Основанная в 1551 году в Лондоне двенадцатью «посвящёнными» во главе с сэром Хью Уиллоби (Hugh Willoughby) и Себастьяном Каботом (Sebastian Cabot), сыном знаменитого Джона Кабота (Джованни Кабото), компания под названием «Mystery and Company of Merchant Adventurers for the Discovery of Regions, Dominions, Islands, and Places unknown» («Гильдия и компания купцов-предпринимателей для открытия регионов, доминионов, островов и мест неизвестных») воспринималась как последний шанс Англии вырваться на новый мировой рынок и застолбить там хоть какое-нибудь место. Слово «adventures» в праве того времени означало не «авантюристы» и не «искатели приключений», но «лица, действующие на свой страх и риск», без поручений и ответственности суверена, что означало для них «в случае чего» гарантию быть вздёрнутыми на рею без суда и следствия, а для государства — отсутствие повода для объявления и ведения войны, поскольку такой роскоши в середине XVI века Англия ещё не могла себе позволить. Три корабля первой экспедиции: «Бона Эсперанса» (Bona Esparanza) под командованием самого Уиллоби, а также «Эдвард Бонавентура» (Edward Bonaventure) под командованием капитана Ричарда Ченслора (Richard Chancellor) и «Бона Конфиденциа» (Bona Confidentia) под командованием капитана Корнелия Дюрферта вышли 10 мая 1553 года из порта Рэтклиффа на поиски северного пути в Китай — соваться в южные широты, где царили испанский и португальский флоты, было ещё безнадёжной затеей для англичан. Корабли Уиллоби и Дюрферта, дошедшие до Новой Земли, вместе с экипажами погибли, пытаясь перезимовать на берегах Баренцева моря, а вот Ченслора, чей корабль отстал от других из-за шторма и более низких мореходных качеств, ждал грандиозный успех: он попал в Белое море и установил контакт сначала с холмогорским воеводой Фофаном (Феофаном) Макаровым, а затем — и с царём Иваном Грозным, который вызвал заморских «гостей» в Москву и принял их там с полным и в целом несвойственным ему радушием и доверием, предоставив право беспошлинной торговли с подвластными Москве землями.
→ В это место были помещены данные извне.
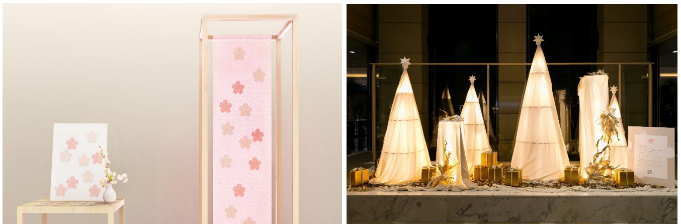
▲左：桜色コースターと展示イメージ 右：昨年のクリスマスディスプレイ

このディスプレイで使用した布地を材料に、*「のこり染」という新しい技法で染め、この布地をアップサイクルした桜コースターが完成いたしました。こちらを、桜開花予想時期に合わせて3月21日（木）より、ロビーに展示いたします。

Ченслор каким-то образом успел привезти царскую грамоту в Англию и с подарками от новой королевы Марии Стюарт ещё раз сплавать в Россию, где его встретили уже с почестями и снарядили ответное посольство.

Сам 35-летний Ченслор на обратном пути погиб в кораблекрушении, но северный торговый путь с Московским царством был установлен, а привезенные оттуда в Англию товары, особенно меха, вызвали волну энтузиазма. «Mystery» была переименована в Московскую компанию и стала исторически первой в ряду «колониальных» компаний Туманного Альбиона (вторая по счёту, Марокканская, была учреждена в 1575 году, Остзейская, для торговли с Прибалтикой, — в 1581 году, а знаменитая Ост-Индская — лишь в 1600 году). Так что все методы «настоящей», «заморской» колониальной экспансии: торговой, финансовой, политической и так далее, — английским «элитным» сообществом «обкатывались» изначально на России, поскольку Ирландия была просто оккупированной англичанами сопредельной территорией, где можно было править «железом и кровью».
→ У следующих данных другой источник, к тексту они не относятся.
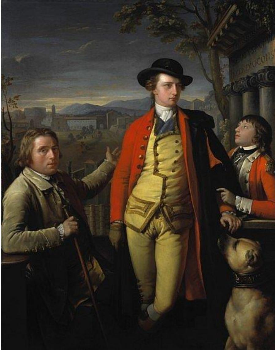
Figure 2 : Gavin Hamilton. Douglas Hamilton, 8th Duke of Hamilton, accompagné de John Moore et son fils lors de son Grand Tour, Rome, 1775-1777, Scottish National Portrait Gallery.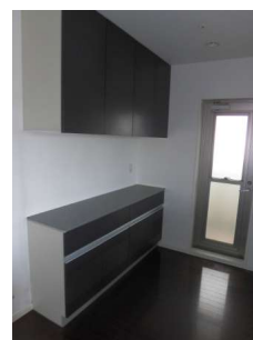
【キッチン】カップボード付き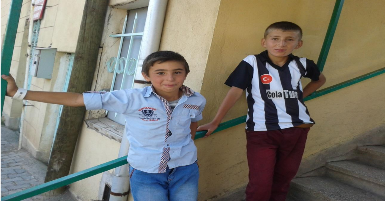
Resim 23: Beldedeki Çocuklar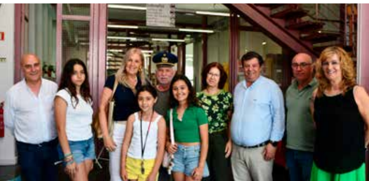
Exposição “Modelos de Aviões em Miniatura”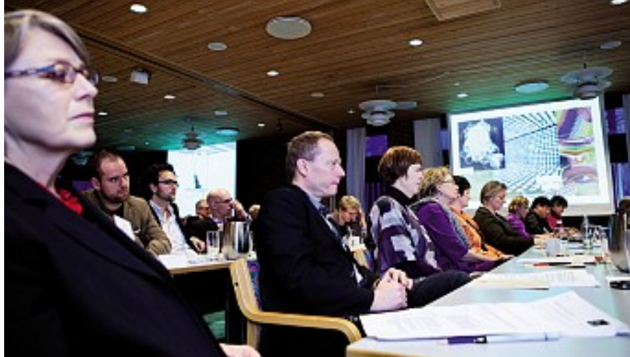
Bibliotekslederne kunne med egne ører glæde sig over kulturministerens løfter om et grundigt udvalgsarbejde.

Ряд исследователей утверждает, что в последующие годы именно агенты Московской компании в Кремле травили препаратами, содержащими мышьяк и ртуть, Ивана Грозного и членов его семьи, а затем, после отмены Борисом Годуновым в 1601 году права монопольной внешней торговли и нескольких отказов возобновить её (так, агент Московской компании Джон Меррик, известный в русских землях как «Ивашка Ульянов» получил отказы в 1602 и 1604 годах), отравили и «царя Бориса». Они же способствовали на исходе Смуты возвышению династии Романовых, чья усадьба в Москве соседствовала со штаб-квартирой компании (сегодня Английский двор, расположенный по адресу улица Варварка, дом 4, является едва ли не единственным сохранившимся в российской столице зданием того времени, кроме церквей и частично Кремля), а сам Фёдор Никитич Романов до своей опалы и пострижения в монахи ведал при царском дворе как раз отношениями с Московской компанией. Влияние англичан на поволжские города Московского царства, поскольку именно этот удобный речной путь активно использовался ими в своей торговле, было настолько велико, что Королевский Совет в Лондоне в 1611 году постановил, что земли вдоль Северной Двины и Волжского понизовья с городами Архангельском, Холмогорами, Устюгом, Тотьмой, Вологдой, Ярославлем, Нижним Новгородом, Казанью и Астраханью должны были отойти под протекторат Якова I. А ведь именно Поволжье и стало главной силой, которая сформировала Второе ополчение.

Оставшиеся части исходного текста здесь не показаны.